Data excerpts
========================================================================

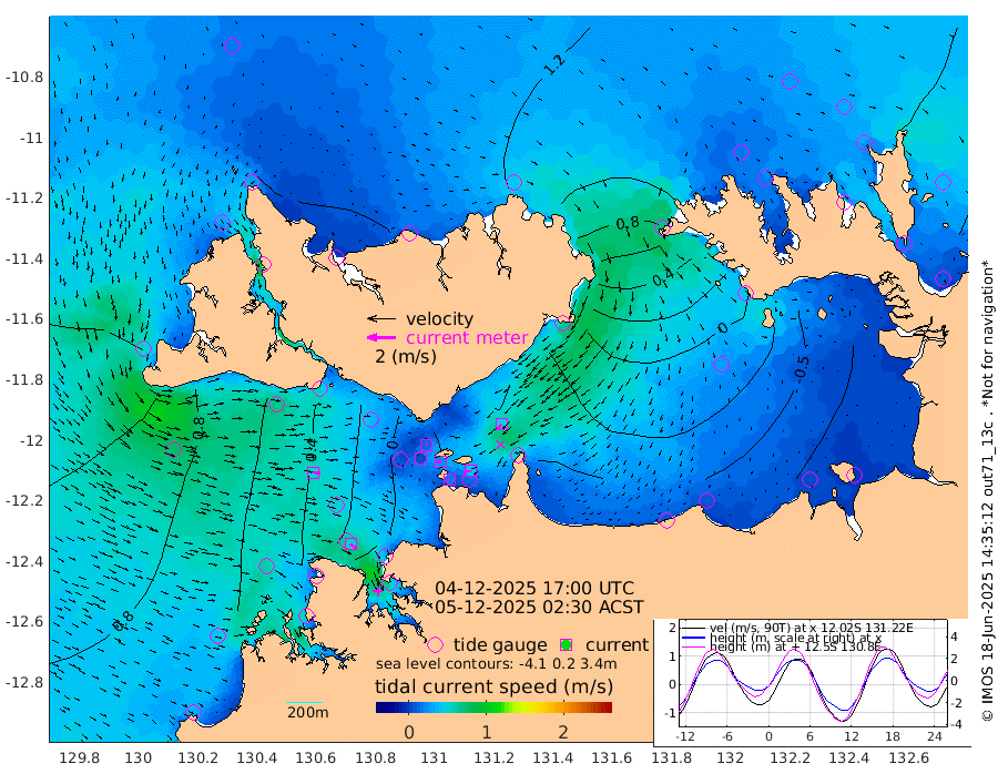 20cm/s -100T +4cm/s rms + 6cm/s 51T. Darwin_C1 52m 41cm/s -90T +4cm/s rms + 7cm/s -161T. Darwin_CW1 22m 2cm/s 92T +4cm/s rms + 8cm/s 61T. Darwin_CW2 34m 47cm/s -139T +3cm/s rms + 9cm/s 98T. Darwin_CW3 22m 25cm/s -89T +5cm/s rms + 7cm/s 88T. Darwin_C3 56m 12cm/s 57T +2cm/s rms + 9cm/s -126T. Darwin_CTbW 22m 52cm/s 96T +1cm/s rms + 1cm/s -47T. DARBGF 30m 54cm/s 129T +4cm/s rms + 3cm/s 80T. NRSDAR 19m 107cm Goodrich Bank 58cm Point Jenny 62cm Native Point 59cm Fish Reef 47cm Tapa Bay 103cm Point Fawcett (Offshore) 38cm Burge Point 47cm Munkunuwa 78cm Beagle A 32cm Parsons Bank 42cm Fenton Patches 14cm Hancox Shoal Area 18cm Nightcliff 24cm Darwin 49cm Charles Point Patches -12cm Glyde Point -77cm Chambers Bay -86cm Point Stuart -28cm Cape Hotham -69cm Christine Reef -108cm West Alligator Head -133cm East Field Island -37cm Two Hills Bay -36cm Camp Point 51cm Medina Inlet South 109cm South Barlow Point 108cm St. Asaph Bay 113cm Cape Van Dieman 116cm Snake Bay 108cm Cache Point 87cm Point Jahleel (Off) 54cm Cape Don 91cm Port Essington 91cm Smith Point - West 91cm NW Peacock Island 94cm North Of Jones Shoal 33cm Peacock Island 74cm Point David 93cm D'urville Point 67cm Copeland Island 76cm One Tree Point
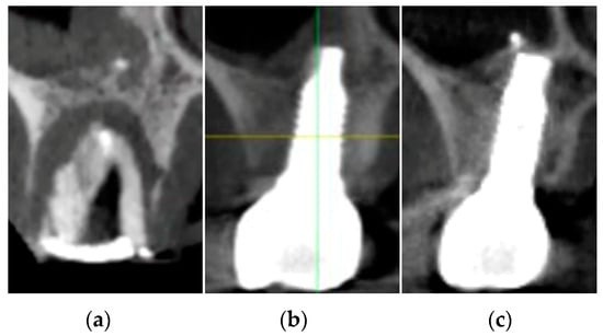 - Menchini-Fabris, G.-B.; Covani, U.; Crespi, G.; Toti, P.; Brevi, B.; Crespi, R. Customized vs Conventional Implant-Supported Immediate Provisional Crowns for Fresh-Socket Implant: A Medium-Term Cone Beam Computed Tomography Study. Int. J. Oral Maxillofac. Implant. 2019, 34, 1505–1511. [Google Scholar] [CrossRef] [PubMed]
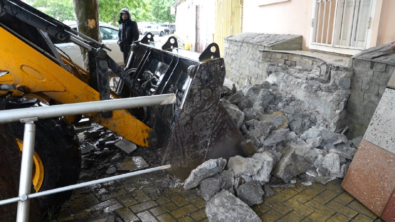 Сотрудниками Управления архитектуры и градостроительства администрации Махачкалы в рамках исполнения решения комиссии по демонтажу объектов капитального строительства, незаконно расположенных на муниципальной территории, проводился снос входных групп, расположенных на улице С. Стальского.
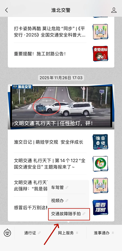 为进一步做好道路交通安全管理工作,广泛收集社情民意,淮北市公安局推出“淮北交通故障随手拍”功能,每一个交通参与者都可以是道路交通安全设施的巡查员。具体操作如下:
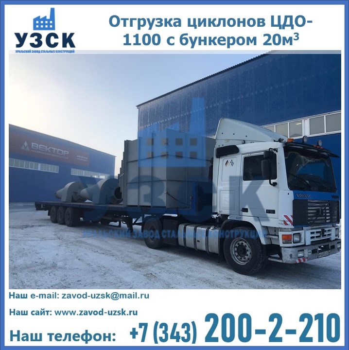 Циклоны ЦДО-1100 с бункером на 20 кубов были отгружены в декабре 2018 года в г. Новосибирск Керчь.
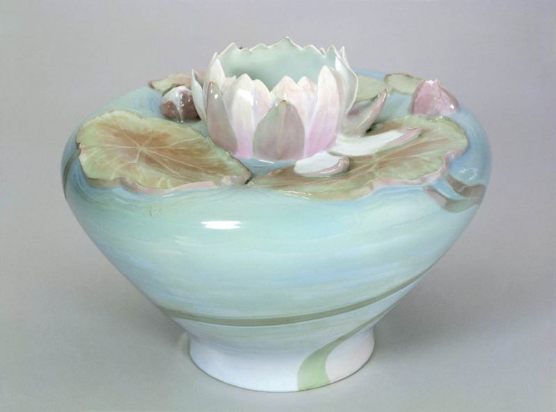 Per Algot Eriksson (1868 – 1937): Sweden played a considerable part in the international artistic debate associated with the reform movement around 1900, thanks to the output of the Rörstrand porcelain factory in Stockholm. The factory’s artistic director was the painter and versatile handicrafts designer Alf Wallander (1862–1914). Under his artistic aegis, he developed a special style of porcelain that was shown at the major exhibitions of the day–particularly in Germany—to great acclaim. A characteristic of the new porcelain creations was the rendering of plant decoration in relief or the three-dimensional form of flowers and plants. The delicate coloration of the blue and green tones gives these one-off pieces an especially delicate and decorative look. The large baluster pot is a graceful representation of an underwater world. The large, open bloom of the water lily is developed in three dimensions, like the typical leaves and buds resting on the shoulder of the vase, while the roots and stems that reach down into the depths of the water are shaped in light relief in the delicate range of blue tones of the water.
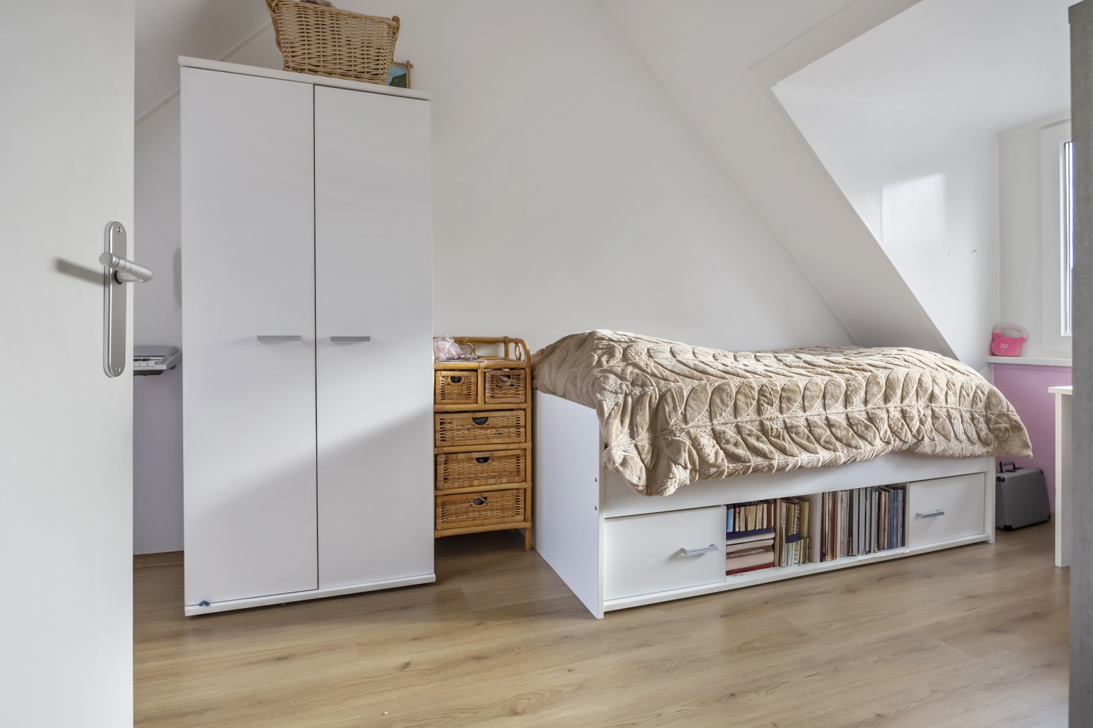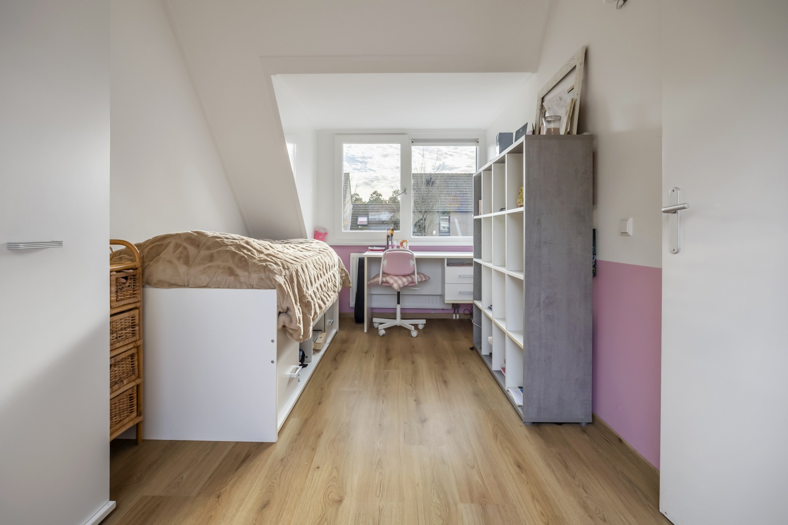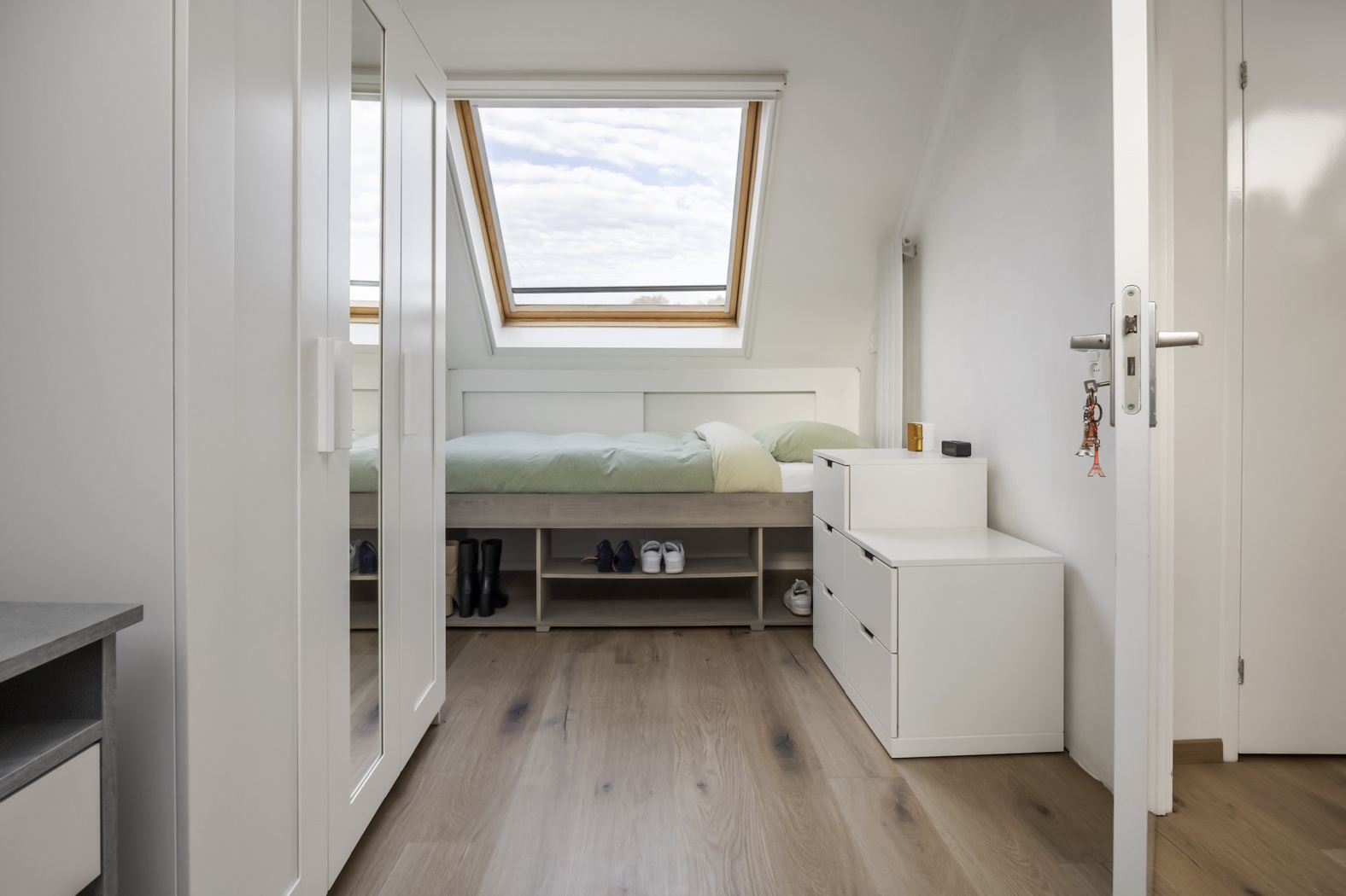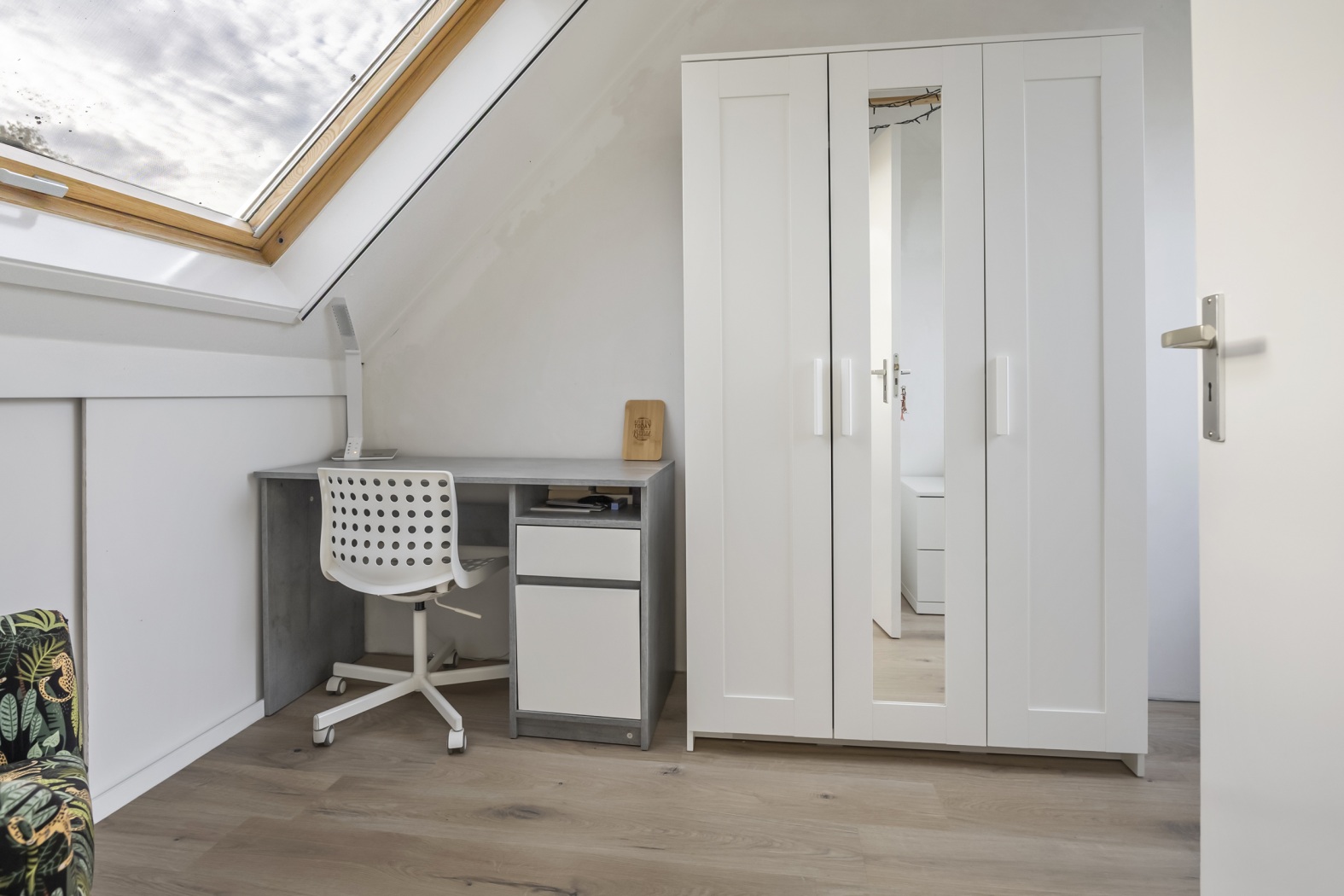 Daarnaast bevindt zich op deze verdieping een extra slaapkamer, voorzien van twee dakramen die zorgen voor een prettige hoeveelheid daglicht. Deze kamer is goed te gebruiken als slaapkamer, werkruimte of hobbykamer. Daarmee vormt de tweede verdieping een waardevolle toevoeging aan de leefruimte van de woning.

========================================================================

● ACTION ITEM: Apart from the pictures, write every entry out again exactly.

● SOLUTION BELOW:
 20cm/s -100T +4cm/s rms + 6cm/s 51T. Darwin_C1 52m 41cm/s -90T +4cm/s rms + 7cm/s -161T. Darwin_CW1 22m 2cm/s 92T +4cm/s rms + 8cm/s 61T. Darwin_CW2 34m 47cm/s -139T +3cm/s rms + 9cm/s 98T. Darwin_CW3 22m 25cm/s -89T +5cm/s rms + 7cm/s 88T. Darwin_C3 56m 12cm/s 57T +2cm/s rms + 9cm/s -126T. Darwin_CTbW 22m 52cm/s 96T +1cm/s rms + 1cm/s -47T. DARBGF 30m 54cm/s 129T +4cm/s rms + 3cm/s 80T. NRSDAR 19m 107cm Goodrich Bank 58cm Point Jenny 62cm Native Point 59cm Fish Reef 47cm Tapa Bay 103cm Point Fawcett (Offshore) 38cm Burge Point 47cm Munkunuwa 78cm Beagle A 32cm Parsons Bank 42cm Fenton Patches 14cm Hancox Shoal Area 18cm Nightcliff 24cm Darwin 49cm Charles Point Patches -12cm Glyde Point -77cm Chambers Bay -86cm Point Stuart -28cm Cape Hotham -69cm Christine Reef -108cm West Alligator Head -133cm East Field Island -37cm Two Hills Bay -36cm Camp Point 51cm Medina Inlet South 109cm South Barlow Point 108cm St. Asaph Bay 113cm Cape Van Dieman 116cm Snake Bay 108cm Cache Point 87cm Point Jahleel (Off) 54cm Cape Don 91cm Port Essington 91cm Smith Point - West 91cm NW Peacock Island 94cm North Of Jones Shoal 33cm Peacock Island 74cm Point David 93cm D'urville Point 67cm Copeland Island 76cm One Tree Point
 - Menchini-Fabris, G.-B.; Covani, U.; Crespi, G.; Toti, P.; Brevi, B.; Crespi, R. Customized vs Conventional Implant-Supported Immediate Provisional Crowns for Fresh-Socket Implant: A Medium-Term Cone Beam Computed Tomography Study. Int. J. Oral Maxillofac. Implant. 2019, 34, 1505–1511. [Google Scholar] [CrossRef] [PubMed]
 Сотрудниками Управления архитектуры и градостроительства администрации Махачкалы в рамках исполнения решения комиссии по демонтажу объектов капитального строительства, незаконно расположенных на муниципальной территории, проводился снос входных групп, расположенных на улице С. Стальского.
 为进一步做好道路交通安全管理工作,广泛收集社情民意,淮北市公安局推出“淮北交通故障随手拍”功能,每一个交通参与者都可以是道路交通安全设施的巡查员。具体操作如下:
 Циклоны ЦДО-1100 с бункером на 20 кубов были отгружены в декабре 2018 года в г. Новосибирск Керчь.
 Per Algot Eriksson (1868 – 1937): Sweden played a considerable part in the international artistic debate associated with the reform movement around 1900, thanks to the output of the Rörstrand porcelain factory in Stockholm. The factory’s artistic director was the painter and versatile handicrafts designer Alf Wallander (1862–1914). Under his artistic aegis, he developed a special style of porcelain that was shown at the major exhibitions of the day–particularly in Germany—to great acclaim. A characteristic of the new porcelain creations was the rendering of plant decoration in relief or the three-dimensional form of flowers and plants. The delicate coloration of the blue and green tones gives these one-off pieces an especially delicate and decorative look. The large baluster pot is a graceful representation of an underwater world. The large, open bloom of the water lily is developed in three dimensions, like the typical leaves and buds resting on the shoulder of the vase, while the roots and stems that reach down into the depths of the water are shaped in light relief in the delicate range of blue tones of the water.
 Daarnaast bevindt zich op deze verdieping een extra slaapkamer, voorzien van twee dakramen die zorgen voor een prettige hoeveelheid daglicht. Deze kamer is goed te gebruiken als slaapkamer, werkruimte of hobbykamer. Daarmee vormt de tweede verdieping een waardevolle toevoeging aan de leefruimte van de woning.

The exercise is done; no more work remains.